The American Academy of Ophthalmology (AAO) annual meeting was held in San Francisco this October. This meeting is the world’s largest association of eye physicians and surgeons, bringing together leaders from around the world.

Our Saving Sight Team attends each year to learn about new trends in eye banking and ophthalmology, and to let our partners know innovations we are exploring. Attending also allows us to be a resource to our partners in sharing information to those who couldn’t attend or might have missed part of the meeting. This experience allows us to learn together side-by-side and be a stronger support to our partner surgeons in their work.

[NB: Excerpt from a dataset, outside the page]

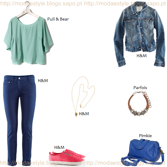 A camisola é em verde água, muito linda que contrasta com umas skinny pants em azul escuro. Escolhi umas sapatilhas de pano em vermelho, que já cria contraste com a camisola. Nos acessórios escolhi uma pulseira com vários pendentes, um colar simples em dourado e a mala que escolhi foi em tons de azul eléctrico, para contrastar com a camisola e as sapatilhas. Acho que até nem fica muito mal, que acham?

In case you missed AAO, or if you want a refresh, here are our top takeaways from the conference and presentations:

  1. Congratulations to Dr. Shahzad Mian on being awarded the R. Townley Paton Award at AAO 2019! This award is the Eye Bank Association of America’s highest honor for corneal physicians and is presented annually to an ophthalmologist in recognition of his/her outstanding contribution to eye banking and EBAA. Dr. Mian presented his R. Townley Paton Lecture entitled, Defining Competency for Cornea Surgeons: Fellowship and Beyond. During the lecture, Dr. Mian highlighted the goals of cornea fellowship in training physicians to provide the best care to patients. As the field of corneal transplantation continues to evolve, so too must training models and continuing education. His passion for education is clear, and our Saving Sight team was privileged to host Dr. Mian in St. Louis at our last DMEK wet lab in 2018. Saving Sight thanks Dr. Mian for his contributions to our DMEK wet lab and to the eye banking industry as a whole.
  2. During AAO, there was continued talk about the use of antifungals in Optisol. The EBAA reported a primary graft failure even with the use of antifungals. Some eye banks are increasing the concentration in hopes of improving efficacy. Many physicians are concerned about the possible toxic exposure to the tissue. This remains a controversial topic and few eye banks are adopting the use of antifungals.
  3. During the Cornea and Eye Banking Forum, an interesting lecture on the Comparison between Preloaded and Non-Preloaded Descemet Membrane Endothelial Keratoplasty was presented. This was pertinent for our partners who are considering DMEK and preloaded DMEK. The conclusion outlined that preloaded DMEK “showed good efficacy with similar visual outcomes, reduced graft detachment and a significantly lower rebubbling rate, compared with non-preloaded DMEK.” In addition, the study showed preloaded DMEK surgery time was significantly shorter than non-preloaded DMEK, improving efficiencies in the operating room. Another presentation of interest during the Cornea and Eye Banking Forum was DSAEK Failure in Eyes with Pre-Existing Glaucoma. The study looked at risk factors for DSAEK failure in glaucomatous eyes. The conclusion suggests glaucoma is strongly associated with a greater risk of Descemet’s stripping automated endothelial keratoplasty (DSAEK) failure.
  4. Several interesting articles were presented during Cornea Subspecialty Day, as well. Chief among them was EK Alphabet Soup: Which Flavor to Choose. This article by Dr. Marjan Farid provided a great summary on endothelial keratoplasty procedure choices, including DSAEK, DMEK, PDEK, and DWEK/DSO. The conclusion showed that EK is the standard-of-care for endothelial disease. In addition, DMEK provides better visual recovery; DSAEK is of value in complex eyes; and DWEK shows promise in central Fuchs-related cases. Cornea Subspecialty Day also had an interesting talk by Dr. Audrey Talley Rostov on an Update on Medical and Surgical Management of Dry Eye Disease. Dry eye disease affects more than 16 million people. One topic touched upon under pharmacologic management of dry eye is the use of serum tears. As co-founder and processor of Vital Tears autologous serum eye drops, this talk was very informative for Saving Sight to listen to. It allows us to see how Vital Tears and other techniques can be an asset to our physician partners.